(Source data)
___

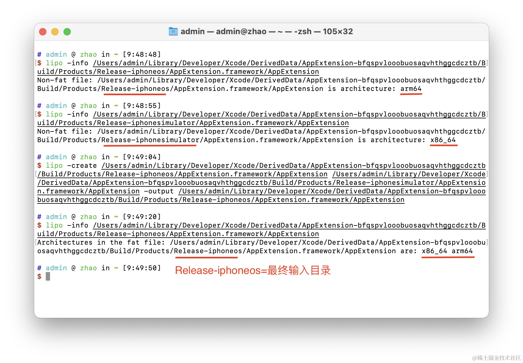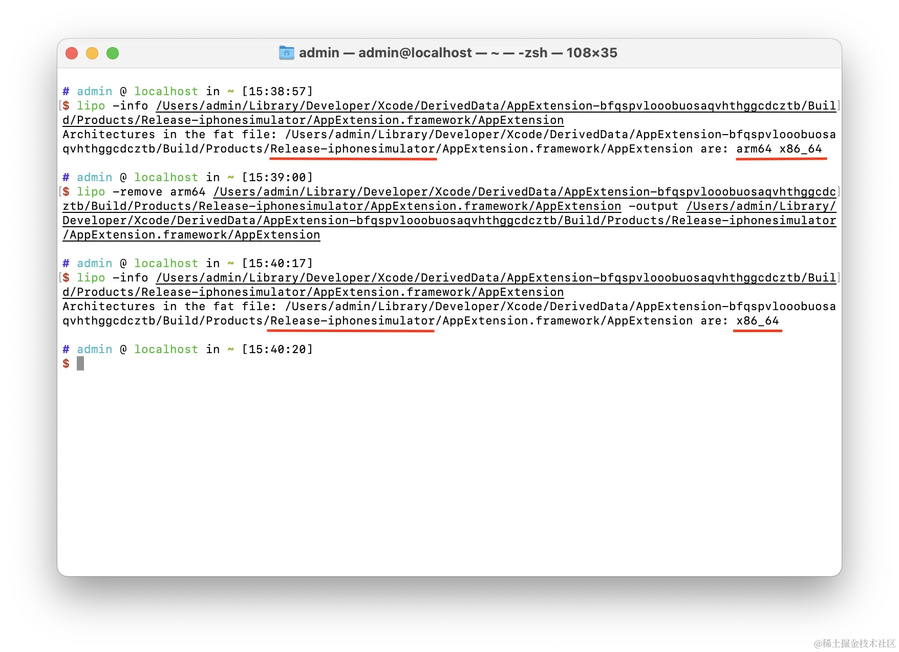 3. 移除模拟器中生成的arm64架构,也可以使用lipo -remove命令手动移除
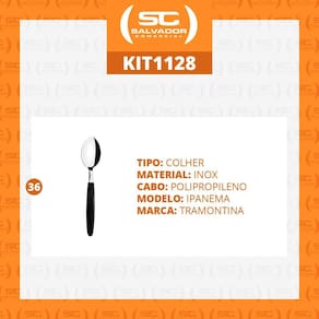 Componentes do KIT: - 36 Colheres de Mesa Ipanema Com Lâmina Em Aço Inox Cabo Preto CPTOP - Tramontina Colher de Mesa Tramontina Ipanema com Lâmina em Aço Inox e Cabo de Polipropileno Preto 23363400 : 90 dias para vícios ou defeitos de fabricação Praticidade e qualidade para o seu dia a dia, você encontra na Colher de Mesa Tramontina Ipanema com Lâmina em Aço Inox e Cabo de Polipropileno Preto. Ideal para deixar o seu dia a dia mais elegante, ela tem lâmina produzida em aço inox com espessura que lhe garante alta resistência e durabilidade. Seu cabo é em polipropileno preto e proporciona um manuseio muito confortável, além de compor sua mesa de um jeito muito mais moderno e cheio de estilo. Ela ainda é muito fácil de limpar e pode ser lavada na máquina de lavar louças, facilitando sua rotina na cozinha. A colher perfeita para lhe acompanhar nas principais refeições - A lâmina de aço inox garante maior resistência devido a espessura do aço e a estampagem da lâmina. - O cabo de polipropileno possui maior resistência e durabilidade. - Pode ir à máquina de lavar louças facilitando seu dia a dia. - Peso Líquido: 0,028 kg. - Peso Bruto: 0,028 kg. - Medidas Externas: 19cm x 4cm concha x 1,7cm - Medidas Embalada: 11cmA x 7cmL x 19cmP
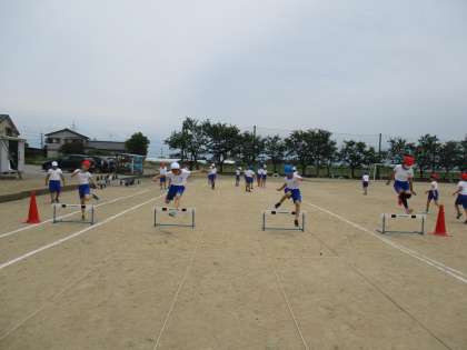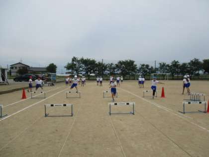 体育科の学習では、「ハードル走」に取り組んでいます。初めは1台だけでフォームを確かめながら跳び越し、途中で2台に増やして練習しました。
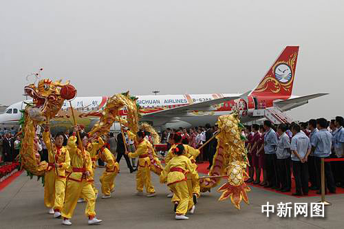 中新網(wǎng)成都6月23日電(楊杰 陳典路)23日下午17點09分,國內(nèi)總裝的第一架空客A320飛機、“中華龍”號調(diào)機航班抵達(dá)成都雙流機場,飛機緩緩滑向停機位,兩輛噴水車為飛機“噴水洗塵”;機坪上鑼鼓聲聲,獅舞龍騰。至此,國內(nèi)總裝的第一架空客A320飛機正式落戶四川航空。
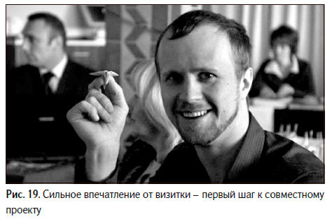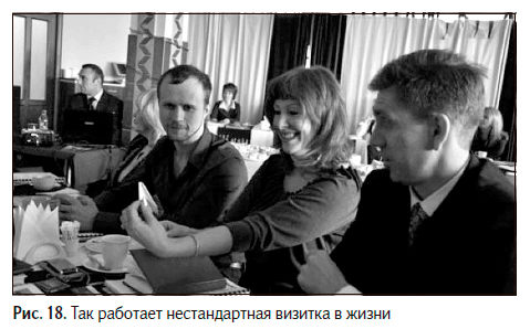 После одного из семинаров ко мне подошел мужчина и протянул свою визитку в виде тончайшей ажурной металлической пластины. Он уже несколько лет занимался производством бизнес-сувениров из металла, но мысль сделать себе необычную визитку пришла ему в голову только после знакомства с моей книгой. Смотрелся такой сувенир эффектно, нестандартно и представительно. Эту металлическую визитку я стал демонстрировать в качестве наглядного пособия на своих тренингах. Однажды во время выступления в Бизнес-инкубаторе Высшей школы экономики визитка «пошла» гулять по рядам и ко мне уже не вернулась. Считаю, что именно такой эффект и должна вызывать хорошая визитная карточка – непреодолимое желание оставить ее себе на память.
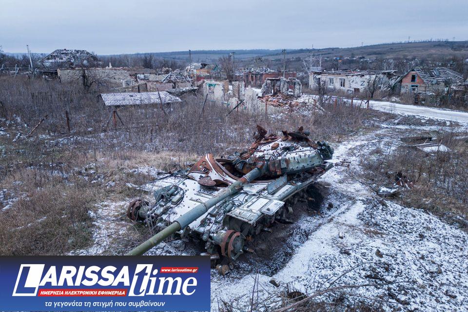 Ένα κατεστραμμένο ρωσικό τανκ καλυμμένο από χιόνι στέκεται στο χωριό Καμιάνκα, στην περιοχή του Χάρκοβο, στην Ουκρανία, το Σάββατο 14 Ιανουαρίου 2023.
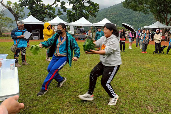 趣味競賽-「布農水手」,運用芋葉植物取水,看誰跑得快,取得的水最多!
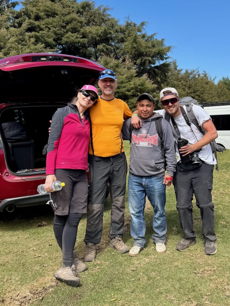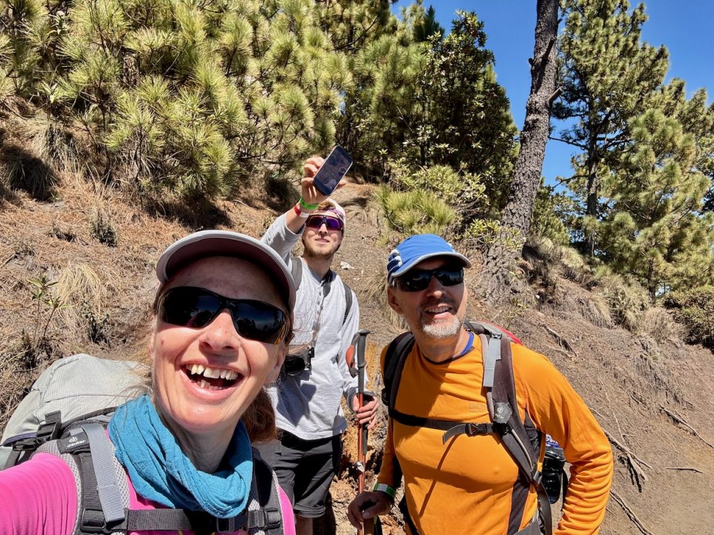 The beginning is awful, a steep climb on a narrow, dusty path between barbed wire fences. We encounter a lot of hikers coming down from above, which isn’t much fun. After about 1 mile, we reach the forest, and from then on, we don’t see as many hikers coming the other way. So, the four of us spend the next 4 miles (to base camp) on the mostly steep and quite challenging trail. However, we feel strong and full of energy the whole time—unlike Dylan, who’s simply carrying too much gear. Our fantastic guide, Hibierto, relieves him early on, and so Dylan, who soon adopts us, makes it up without any problems. He’s been commissioned to film a new promotional video for our tour operator—something we’re also looking forward to, as we’ll likely be quite visible.
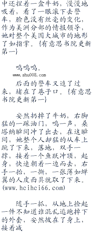 四周布控,这个时候,安然开着敞篷桑塔纳在华盛顿的滨江大道伤不断逃窜,身后是不断从各处跟上来的警车,整个美国首都华盛顿的交通已经完全乱成了一锅粥,主要路口都进行了交通管制,全副武装的特警严阵以待。
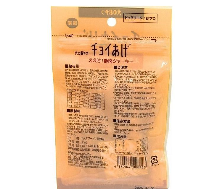 【20個セット】 わんわん チョイあげ ええぞ!鹿肉ジャーキー 35g【ポイント10倍】 【送料無料】
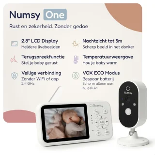 Houd je kleintje altijd in beeld en luister gerust mee — dag en nacht. De Numsy One 2.8 combineert heldere live-beelden, betrouwbare privacy en slimme, energiezuinige functies in één gebruiksvriendelijke babyfoon. Geen apps, geen wifi, geen gedoe — alleen directe rust voor jou en veilige controle over de babykamer.
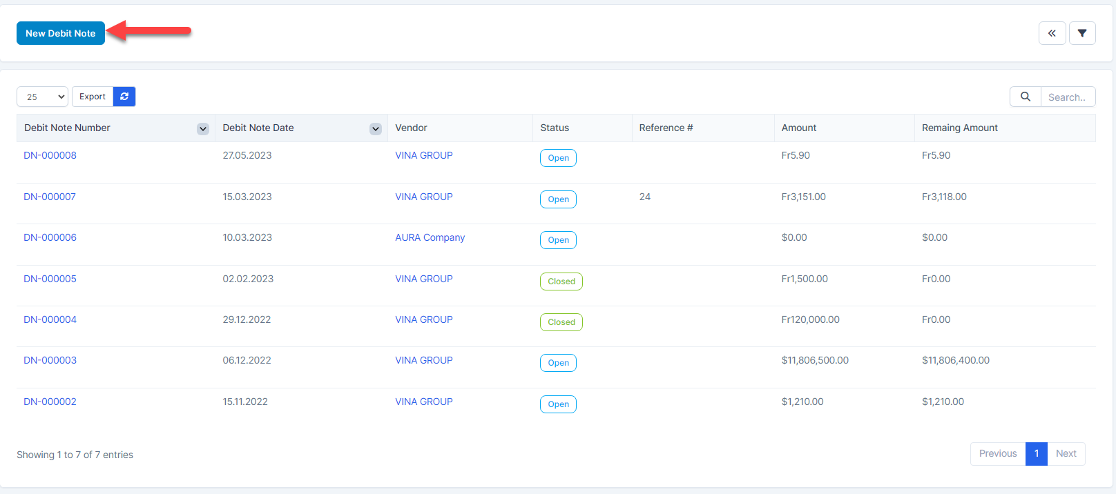 - ნაბიჯი 1. Go to Debit შენიშვნაs menu under შესყიდვები module from the left sidebar -> Click New Debit შენიშვნა button

___

* _AIM OF THE TASK_
Word for word, give again the lines from the first entry to the line with "中新網(wǎng)成都6月2", inclusive. Exclude the pictures.

* _ANSWER_
 3. 移除模拟器中生成的arm64架构,也可以使用lipo -remove命令手动移除
 Componentes do KIT: - 36 Colheres de Mesa Ipanema Com Lâmina Em Aço Inox Cabo Preto CPTOP - Tramontina Colher de Mesa Tramontina Ipanema com Lâmina em Aço Inox e Cabo de Polipropileno Preto 23363400 : 90 dias para vícios ou defeitos de fabricação Praticidade e qualidade para o seu dia a dia, você encontra na Colher de Mesa Tramontina Ipanema com Lâmina em Aço Inox e Cabo de Polipropileno Preto. Ideal para deixar o seu dia a dia mais elegante, ela tem lâmina produzida em aço inox com espessura que lhe garante alta resistência e durabilidade. Seu cabo é em polipropileno preto e proporciona um manuseio muito confortável, além de compor sua mesa de um jeito muito mais moderno e cheio de estilo. Ela ainda é muito fácil de limpar e pode ser lavada na máquina de lavar louças, facilitando sua rotina na cozinha. A colher perfeita para lhe acompanhar nas principais refeições - A lâmina de aço inox garante maior resistência devido a espessura do aço e a estampagem da lâmina. - O cabo de polipropileno possui maior resistência e durabilidade. - Pode ir à máquina de lavar louças facilitando seu dia a dia. - Peso Líquido: 0,028 kg. - Peso Bruto: 0,028 kg. - Medidas Externas: 19cm x 4cm concha x 1,7cm - Medidas Embalada: 11cmA x 7cmL x 19cmP
 体育科の学習では、「ハードル走」に取り組んでいます。初めは1台だけでフォームを確かめながら跳び越し、途中で2台に増やして練習しました。
 中新網(wǎng)成都6月23日電(楊杰 陳典路)23日下午17點09分,國內(nèi)總裝的第一架空客A320飛機、“中華龍”號調(diào)機航班抵達(dá)成都雙流機場,飛機緩緩滑向停機位,兩輛噴水車為飛機“噴水洗塵”;機坪上鑼鼓聲聲,獅舞龍騰。至此,國內(nèi)總裝的第一架空客A320飛機正式落戶四川航空。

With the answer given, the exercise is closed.